(Extracted records)
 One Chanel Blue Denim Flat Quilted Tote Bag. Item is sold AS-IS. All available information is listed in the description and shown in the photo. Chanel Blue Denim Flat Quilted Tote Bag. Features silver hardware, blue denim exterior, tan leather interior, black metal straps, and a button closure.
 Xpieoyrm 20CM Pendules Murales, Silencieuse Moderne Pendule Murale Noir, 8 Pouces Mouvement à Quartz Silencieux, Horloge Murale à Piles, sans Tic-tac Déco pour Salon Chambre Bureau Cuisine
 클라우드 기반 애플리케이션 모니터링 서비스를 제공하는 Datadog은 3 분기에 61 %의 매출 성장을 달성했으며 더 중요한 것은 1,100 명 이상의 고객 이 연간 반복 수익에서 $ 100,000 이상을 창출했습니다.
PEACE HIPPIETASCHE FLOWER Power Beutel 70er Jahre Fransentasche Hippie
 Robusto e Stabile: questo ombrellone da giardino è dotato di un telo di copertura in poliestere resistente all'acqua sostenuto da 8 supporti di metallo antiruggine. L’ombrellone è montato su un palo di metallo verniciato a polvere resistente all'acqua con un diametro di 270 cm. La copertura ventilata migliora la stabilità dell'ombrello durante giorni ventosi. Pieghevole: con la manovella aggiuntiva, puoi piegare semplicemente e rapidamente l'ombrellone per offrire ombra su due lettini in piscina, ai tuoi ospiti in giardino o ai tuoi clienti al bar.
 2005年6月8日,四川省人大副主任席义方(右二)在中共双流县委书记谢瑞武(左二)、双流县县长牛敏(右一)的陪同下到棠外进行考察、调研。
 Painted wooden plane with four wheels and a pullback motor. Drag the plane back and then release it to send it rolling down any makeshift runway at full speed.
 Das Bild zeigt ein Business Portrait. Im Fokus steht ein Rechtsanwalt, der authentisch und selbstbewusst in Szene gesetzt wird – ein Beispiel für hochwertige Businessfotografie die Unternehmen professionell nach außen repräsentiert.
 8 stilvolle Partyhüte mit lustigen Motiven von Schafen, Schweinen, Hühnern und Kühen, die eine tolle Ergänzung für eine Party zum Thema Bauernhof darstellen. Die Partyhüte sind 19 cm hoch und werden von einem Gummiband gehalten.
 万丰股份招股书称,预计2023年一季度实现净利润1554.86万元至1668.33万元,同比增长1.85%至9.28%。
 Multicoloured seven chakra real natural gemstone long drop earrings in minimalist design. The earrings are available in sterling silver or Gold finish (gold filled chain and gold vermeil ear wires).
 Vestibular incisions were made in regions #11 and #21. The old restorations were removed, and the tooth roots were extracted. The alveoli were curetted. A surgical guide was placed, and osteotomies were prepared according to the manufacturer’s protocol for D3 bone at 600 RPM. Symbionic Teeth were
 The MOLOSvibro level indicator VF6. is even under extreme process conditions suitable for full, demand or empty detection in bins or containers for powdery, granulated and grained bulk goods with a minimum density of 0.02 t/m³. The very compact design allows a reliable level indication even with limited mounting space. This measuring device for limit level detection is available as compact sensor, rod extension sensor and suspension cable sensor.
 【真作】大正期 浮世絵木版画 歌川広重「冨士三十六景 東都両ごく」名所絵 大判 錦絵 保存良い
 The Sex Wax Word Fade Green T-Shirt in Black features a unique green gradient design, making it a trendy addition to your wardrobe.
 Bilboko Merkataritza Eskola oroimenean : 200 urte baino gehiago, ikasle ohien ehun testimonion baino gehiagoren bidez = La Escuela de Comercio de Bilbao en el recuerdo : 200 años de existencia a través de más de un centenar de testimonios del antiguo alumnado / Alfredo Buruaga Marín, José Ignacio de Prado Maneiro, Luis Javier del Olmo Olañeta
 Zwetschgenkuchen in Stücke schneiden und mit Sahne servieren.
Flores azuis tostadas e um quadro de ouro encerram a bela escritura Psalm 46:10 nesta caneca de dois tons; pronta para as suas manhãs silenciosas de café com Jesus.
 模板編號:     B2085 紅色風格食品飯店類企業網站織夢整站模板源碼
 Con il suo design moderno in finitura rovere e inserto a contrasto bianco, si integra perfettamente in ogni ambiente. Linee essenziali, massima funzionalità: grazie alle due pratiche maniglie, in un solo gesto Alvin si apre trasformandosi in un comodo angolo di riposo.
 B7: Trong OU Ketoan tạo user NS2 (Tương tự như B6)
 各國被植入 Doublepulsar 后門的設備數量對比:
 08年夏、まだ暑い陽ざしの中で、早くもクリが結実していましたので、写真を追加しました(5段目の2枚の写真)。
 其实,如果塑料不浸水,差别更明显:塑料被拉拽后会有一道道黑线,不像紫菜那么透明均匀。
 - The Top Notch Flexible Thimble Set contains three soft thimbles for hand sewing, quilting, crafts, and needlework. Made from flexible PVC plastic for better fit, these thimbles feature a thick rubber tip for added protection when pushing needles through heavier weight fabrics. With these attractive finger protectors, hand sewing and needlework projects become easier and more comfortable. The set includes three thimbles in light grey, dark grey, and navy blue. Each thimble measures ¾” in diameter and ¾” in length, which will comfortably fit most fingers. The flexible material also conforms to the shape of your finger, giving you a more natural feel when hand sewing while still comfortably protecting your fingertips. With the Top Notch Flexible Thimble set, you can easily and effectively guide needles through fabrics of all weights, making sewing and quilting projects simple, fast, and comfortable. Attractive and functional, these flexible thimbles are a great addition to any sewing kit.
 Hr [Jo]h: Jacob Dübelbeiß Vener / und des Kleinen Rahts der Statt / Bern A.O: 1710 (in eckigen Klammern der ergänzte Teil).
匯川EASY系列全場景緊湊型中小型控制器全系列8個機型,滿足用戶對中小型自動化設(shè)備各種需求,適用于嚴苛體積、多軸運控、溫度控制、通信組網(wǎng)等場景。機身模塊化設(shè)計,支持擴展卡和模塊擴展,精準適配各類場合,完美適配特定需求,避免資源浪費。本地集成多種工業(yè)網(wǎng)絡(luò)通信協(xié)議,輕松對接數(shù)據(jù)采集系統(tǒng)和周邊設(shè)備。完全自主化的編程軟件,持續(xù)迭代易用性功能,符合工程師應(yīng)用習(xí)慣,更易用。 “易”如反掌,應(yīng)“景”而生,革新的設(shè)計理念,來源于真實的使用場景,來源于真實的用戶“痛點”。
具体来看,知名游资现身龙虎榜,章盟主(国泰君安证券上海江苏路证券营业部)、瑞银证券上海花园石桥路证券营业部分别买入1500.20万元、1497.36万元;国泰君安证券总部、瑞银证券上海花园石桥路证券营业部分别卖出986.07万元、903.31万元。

◆ **Work task**
Please reproduce the lines from the line with "Das Bild zeigt" to the line with "The Sex Wax", both ends included, exactly as they appear above.

◆ **Result**
 Das Bild zeigt ein Business Portrait. Im Fokus steht ein Rechtsanwalt, der authentisch und selbstbewusst in Szene gesetzt wird – ein Beispiel für hochwertige Businessfotografie die Unternehmen professionell nach außen repräsentiert.
 8 stilvolle Partyhüte mit lustigen Motiven von Schafen, Schweinen, Hühnern und Kühen, die eine tolle Ergänzung für eine Party zum Thema Bauernhof darstellen. Die Partyhüte sind 19 cm hoch und werden von einem Gummiband gehalten.
 万丰股份招股书称,预计2023年一季度实现净利润1554.86万元至1668.33万元,同比增长1.85%至9.28%。
 Multicoloured seven chakra real natural gemstone long drop earrings in minimalist design. The earrings are available in sterling silver or Gold finish (gold filled chain and gold vermeil ear wires).
 Vestibular incisions were made in regions #11 and #21. The old restorations were removed, and the tooth roots were extracted. The alveoli were curetted. A surgical guide was placed, and osteotomies were prepared according to the manufacturer’s protocol for D3 bone at 600 RPM. Symbionic Teeth were
 The MOLOSvibro level indicator VF6. is even under extreme process conditions suitable for full, demand or empty detection in bins or containers for powdery, granulated and grained bulk goods with a minimum density of 0.02 t/m³. The very compact design allows a reliable level indication even with limited mounting space. This measuring device for limit level detection is available as compact sensor, rod extension sensor and suspension cable sensor.
 【真作】大正期 浮世絵木版画 歌川広重「冨士三十六景 東都両ごく」名所絵 大判 錦絵 保存良い
 The Sex Wax Word Fade Green T-Shirt in Black features a unique green gradient design, making it a trendy addition to your wardrobe.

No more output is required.